Researchers dubbed it a “straightforward Linux kernel locking bug” that they exploited against Debian Buster’s 18.104.22.168-amd64 kernel.
In 2017, MacAfee researchers disclosed a memory corruption bug inside the Linux kernel’s UDP fragmentation offload (UFO) that allowed unauthorized individuals to gain local privilege escalation. The bug affected both IPv4 and IPv6 code paths running kernel version 4.8.0 of Ubuntu xenial and was fixed in Commit 85f1bd9.
Now, Google’s Project Zero team has shared details of a similar yet much simpler bug that can cause complete system compromise. Researchers dubbed it a “straightforward Linux kernel locking bug” that they exploited against Debian Buster’s 22.214.171.124-amd64 kernel.
About the Bug
According to the Project Zero blog post, the bug was located in the ioctl handler tiocspgrp. The pgrp member of the terminal side (real_tty) was modified to exploit it while the old and new process groups’ reference count was adjusted accordingly using put_pid and get_pid.
The lock is taken on tty, which depending on the file descriptor that the researchers passed to ioctl(), can be any end of the pseudoterminal pair. So, they called the TIOCSPGRP ioctl on both sides of the pseudoterminal so that data races between concurrent accesses to the pgrp member, causing reference counts to become skewed through several races.
Jann Horn of Google’s Project Zero identified that the refcount of the old struct pid showed decrement by 1 too much in both cases while A’s or B’s were incremented by 1 too much.
A proof of concept is also released by the team and is available here.
How it Attacks
Research further revealed that the memory corruption bug allows an attacker to skew the refcount of a struct pid down whichever way the race happens. Researchers revealed that they could run colliding TIOCSPGRP calls from two threads repeatedly, which messed up the refcount often. However, they couldn’t determine the number of times the refcount skew actually occurred.
Moreover, the SLUB allocator was replacing the first 8 bytes when the object was freed with an XOR-obfuscated freelist pointer. Hence, the count and level fields were rendered useless.
“This means that the load from pid->numbers[pid -> level] will now be at some random offset from the pid, in the range from zero to 64 GiB. As long as the machine doesn’t have tons of RAM, this will likely cause a kernel segmentation fault,” Horn wrong in a blog post.
Hence, a somewhat more straightforward way to exploit a dangling reference to a SLUB object is reallocating the object via the same kmem_cache it came from and preventing the page from reaching the page allocator.
Another way to exploit the UAF at the SLUB allocator level is flushing the page out to the page allocator aka buddy allocator. This is the last level of dynamic memory allocation on the Linux system as from there, the page can end up in any context.

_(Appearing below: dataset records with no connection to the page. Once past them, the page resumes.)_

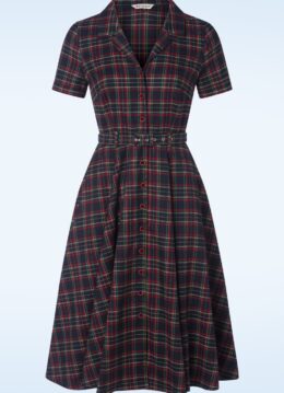 ”Merry everything and happy always!” Straal tijdens de feestdagen in deze Merry Holidays jurk! Ze heeft een elegante V-halslijn, reverskraagje, korte mouwen en loopt uit in een swing rok, die jou een prachtig vrouwelijk silhouet geeft! Uitgevoerd in een soepele en luchtige marineblauwe stof met een vleugje viscose (stretcht niet) en voorzien van gekleurde ruitjes.   * Swing model * V-halslijn * Reverskraagje * Korte mouwen met vaste omslagjes * Voorzien van goudkleurige knoopjes met rood fluweel  * Afneembare riem * Zijwaartse steekzakken * Valt bij een lengte van 1,70 m tot halverwege de kuit
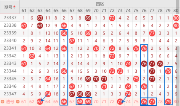 该区间的63号数字我们注意一下,属于919走势,出号机会还是有点的,可以防守一下。本期的66号数字是属于123走势,本期的123走势有两个号码,本期我们要注意出一个号码的情况。上期开出了三连号67 68 69号数字,本期我们要注意出一个重号的情况,重点关注一下68 69号数字就行了。本期的73号数字我们注意一下,出号机会还是有的。本期的76号数字我们也是要关注一下的,属于121走势,出号机会也是有的。
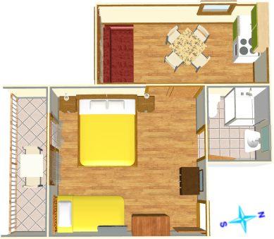 Apartmán pro čtyři osoby (50 m2)
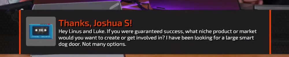 Hey Linus and Luke. If you were guaranteed success, what niche product or market
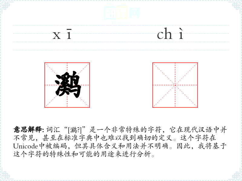 词汇“[㶉?]”是一个非常特殊的字符,它在现代汉语中并不常见,甚至在标准字典中也难以找到确切的定义。这个字符在Unicode中被编码,但其具体含义和用法并不明确。因此,我将基于这个字符的特殊性和可能的用途来进行分析。

“At the point where the victim page has reached the page allocator’s freelist, it’s essentially game over – at this point, the page can be reused as anything in the system, giving us a broad range of options for exploitation. In my opinion, most defenses that act after we’ve reached this point are fairly unreliable,” the blog post read.
Page tables are a type of allocation directly served from the page allocator, and their ability to modify a page can be abused by enabling the read/write bit in a page table entry that maps a file page that is supposed to offer read access. This abuse can lead to gaining write access to a portion of a setuid binary’s .text segment and rewritten with malicious code.

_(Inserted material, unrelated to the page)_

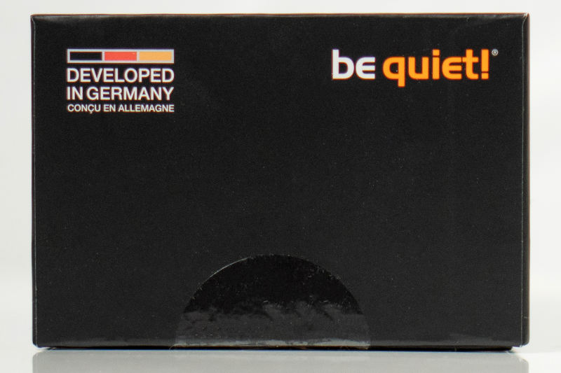 Sur cette tranche, be quiet! va à l’essentiel. Pas de fioriture : un seul visuel, deux logos, et un message limpide. À gauche, les bandes noir-rouge-or accompagnent la mention « Developed in Germany ». Un rappel discret mais assumé de l’origine du développement, qui vient souligner un positionnement technique rigoureux, hérité de l’univers du refroidissement et des alimentations PC, secteurs où la marque s’est imposée par sa fiabilité.

Although it is hard to determine the victim page’s offset in which the victim object is located, a page table comprises an array of size 8, 8-byte-aligned elements. The victim object is a multiple of that, so unless all array elements are sprayed, the attacker won’t need to know the object’s offset.
“Struct pid has the same alignment as a PTE, and it starts with a 32-bit refcount so that refcount is guaranteed to overlap the first half of a PTE, which is 64-bit. Therefore we can increment one of the PTEs by repeatedly triggering get_pid(), which tries to increment the refcount of the freed object. If the kernel notices the Dirty bit, later on, that might trigger writeback, which could crash the kernel if the mapping isn’t set up for writing.”